Ceci est un article de M. Clemenceau. On vient de me le passer à l’instant. Je lui emprunte quelques lignes qui formulent bien ma pensée.

M. Clemenceau n’est pas suspect d’anarchie ; il n’a pas d’intérêt à son triomphe ; car si l’anarchie triomphait, en même temps que les propriétaires, elle supprimerait les députés — ou ceux qui ont envie de le redevenir.

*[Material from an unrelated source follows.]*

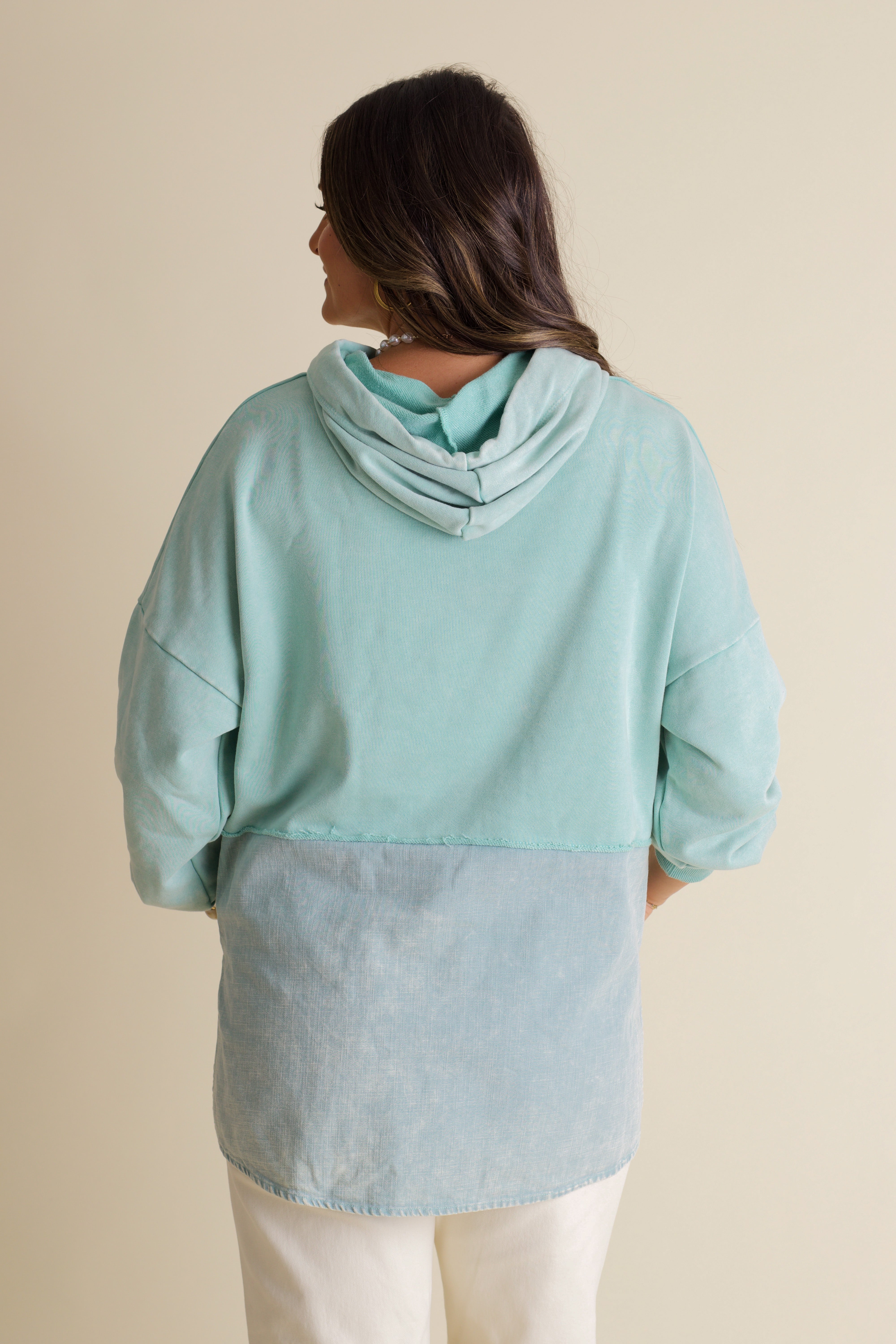 Get cozy in our Winter Garden Hooded Top! Made from a soft washed fabric with a cotton buttoned bottom and side slits, this top will keep you warm and stylish. Complete with dolman sleeves and a ribbed trim, it's the perfect addition to your  fall winter wardrobe. Available in 2 color options and sizes small through large!

« La loi contre la presse, écrit M. Clemenceau, fonctionne à la grande satisfaction de M. Raynal. C’est maintenant le tour de M. Jean Grave, coupable d’avoir écrit un livre intitulé : La Société mourante et l’Anarchie.

« Je ne connais pas M. Jean Grave. Je ne sais de lui que ce qu’en a dit M. Octave Mirbeau, dans un article du Journal. C’est un ouvrier cordonnier dont l’âme s’est émue, dont l’esprit s’est ouvert au spectacle des misères et des déchéances humaines.

« Le livre de M. Jean Grave a paru il y a plus d’un an. Personne n’y vit, alors, de matière à poursuites. Pendant toute une année, il s’est impunément étalé à la vitrine de tous nos libraires.

« Survient l’épidémie de bombes. M. Raynal profite de l’affolement des députés pour leur faire voter, dans les transes, une loi de réaction politique qui ne peut arrêter le bras d’aucun jeteur de bombes, mais, qui, en haine d’une répression stupide, lancera peut-être un jour quelque détraqué dans une violence criminelle.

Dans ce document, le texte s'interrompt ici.